The slow-going of making our home ours has gotten me down a little bit, but my bright-eyed, sensitive and curious child has balanced all that out. These last weeks I think that my new-house blues have made me appreciate how wonderful it is to be a mom to such a beauty. She has really gotten me through it.She’s been extra snuggly when I feel like doing nothing, and she tags along on all my errands, always happy and ready to go.

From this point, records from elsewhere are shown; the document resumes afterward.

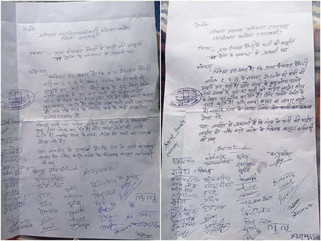 ग्रामीणों ने अधिकारी को लिखे पत्र में अपनी नाराजगी जाहिर कर बताया कि एक तरफ विभाग जल जीवन मिशन के अन्तर्गत लोगों की प्यास बुझाने की बात करता है और दूसरी ओर लोग परेशान जिसका कि ग्रामीणों ने समाधान की मांग उठाई है।
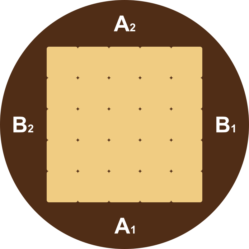 Hogeita bost kuboek aurpegi batean gurutze (eta puntu) bat, beste aurpegi batean zirkulu (eta puntu) bat eta gainerako lau aurpegiak hutsi dituzte.
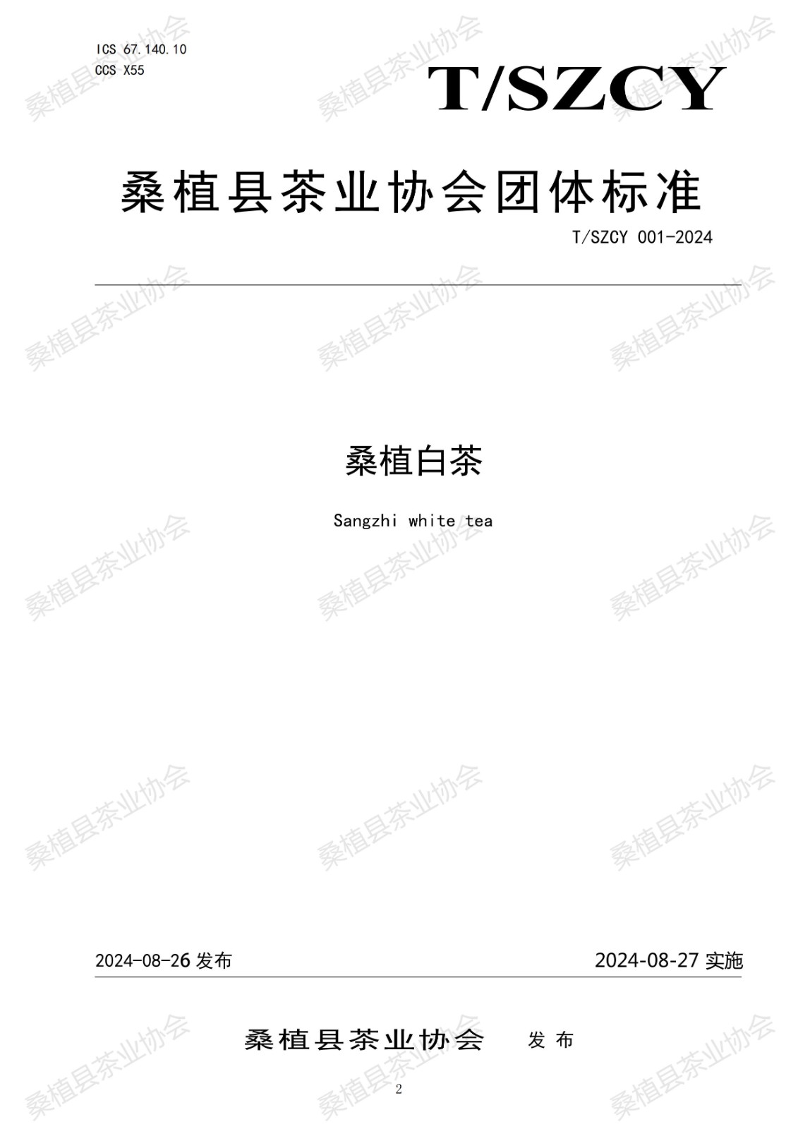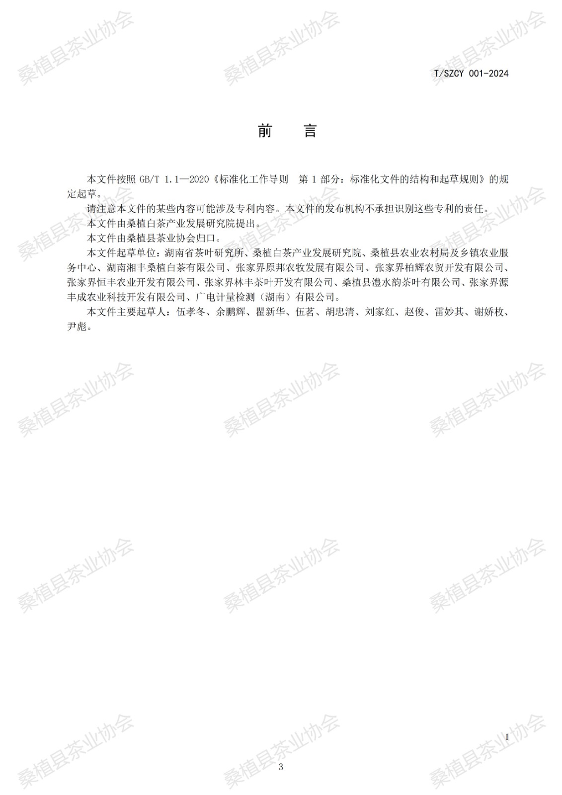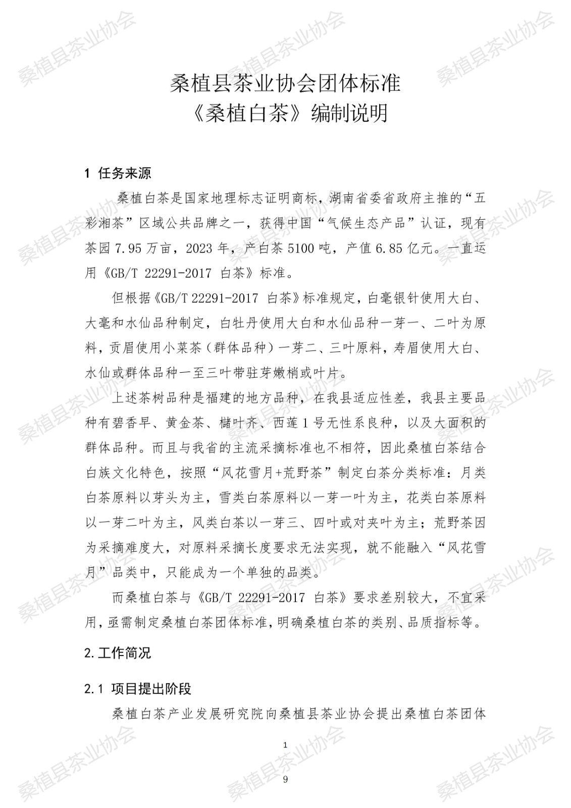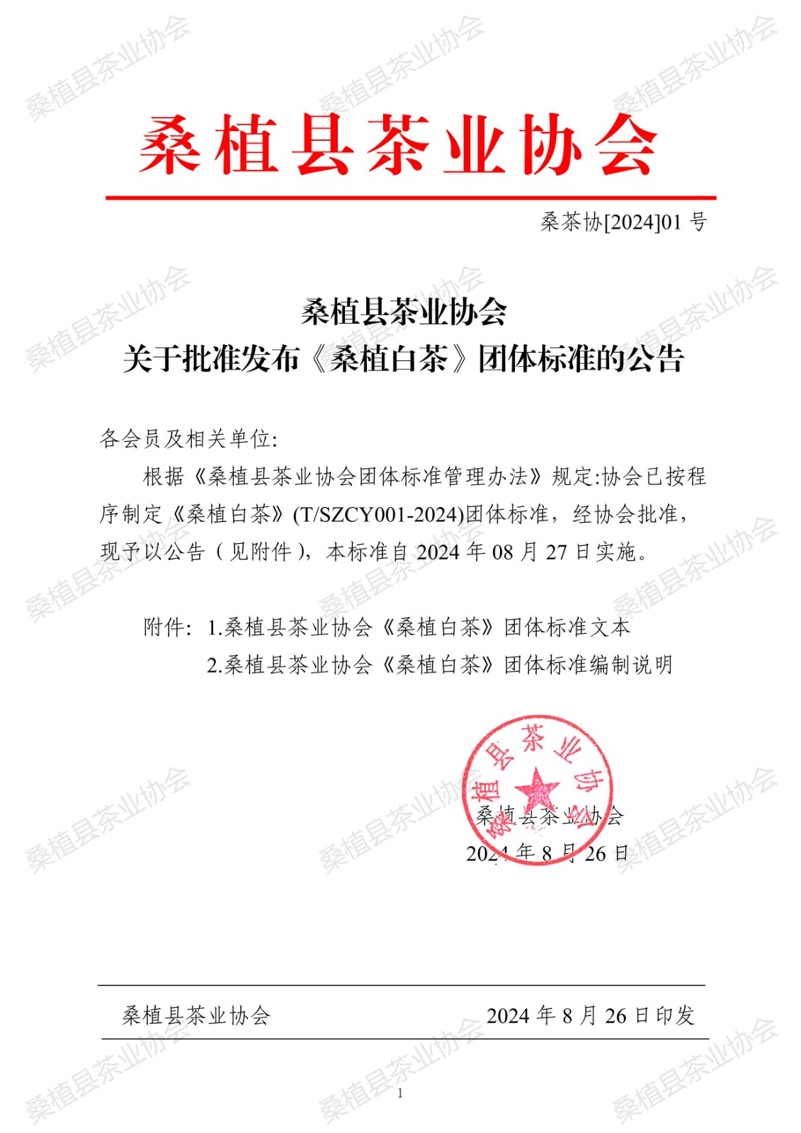 桑植县茶业协会 关于批准发布《桑植白茶》团体标准的公告

And her dad, he’s pretty great too. When I don’t want to unpack any more boxes or decide where the crockpot is going to go, Rob is always there to keep me going. He’s also done tons of stuff on his own, while I’ve worked in the evenings or even just crashed on the couch after putting Nolie to bed. He put together our new kitchen island, which is the best thing that ever happened to our kitchen. It took him two-and-a-half hours and I know was no easy feat. He has put hours of hard work into the yard and I have helped absolutely zero percent with that because it’s not really my thing. He’s been really patient with me too, which I know has not been easy. He’s woken up extra early for his new, much longer commute, and he’s never complained. He’s really wonderful, and I think that too often I am guilty of overlooking all the ways he makes my life so great. Like the fact that he lets me buy as many popsicles as I want and doesn’t get mad that I eat them all before he has a chance to have any.

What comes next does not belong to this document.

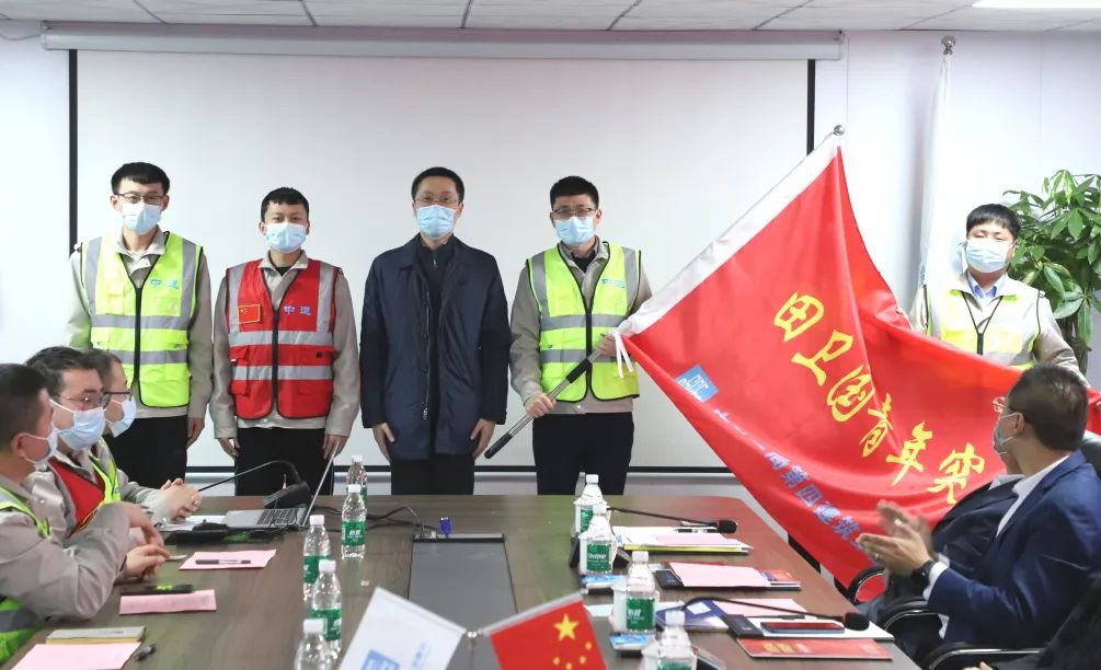 隨后,濱海新區(qū)團委書記邵兵為田衛(wèi)國青年突擊隊授旗。
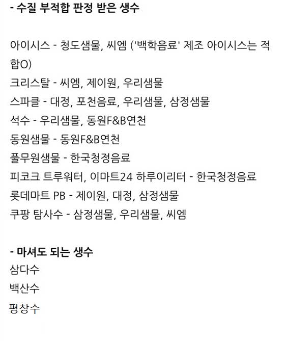 수질 적합 생수가 달랑 '삼다수, 백산수, 평창수' 3개 밖에 없다니 앞으로 더 조심하면서 살아야겠어요.

I’m lucky, to have these two. Blessed. They make me feel that I’m worthwhile, like I’m doing things with my life that really matter, even when I don’t feel like it on my own. My sweet Magnolia makes me feel like me getting her “cereal and milk” is the most exciting thing that could happen during our morning, with the joy that sounds in her little voice when she asks for them. My husband is happy, and proud of his hard work, when I put my crockpot away in the kitchen island and danced around it, so happy that everything in the kitchen has a place. Things are good. Despite all the things that aren’t perfect right now, I’m happy. “Yeah yam.”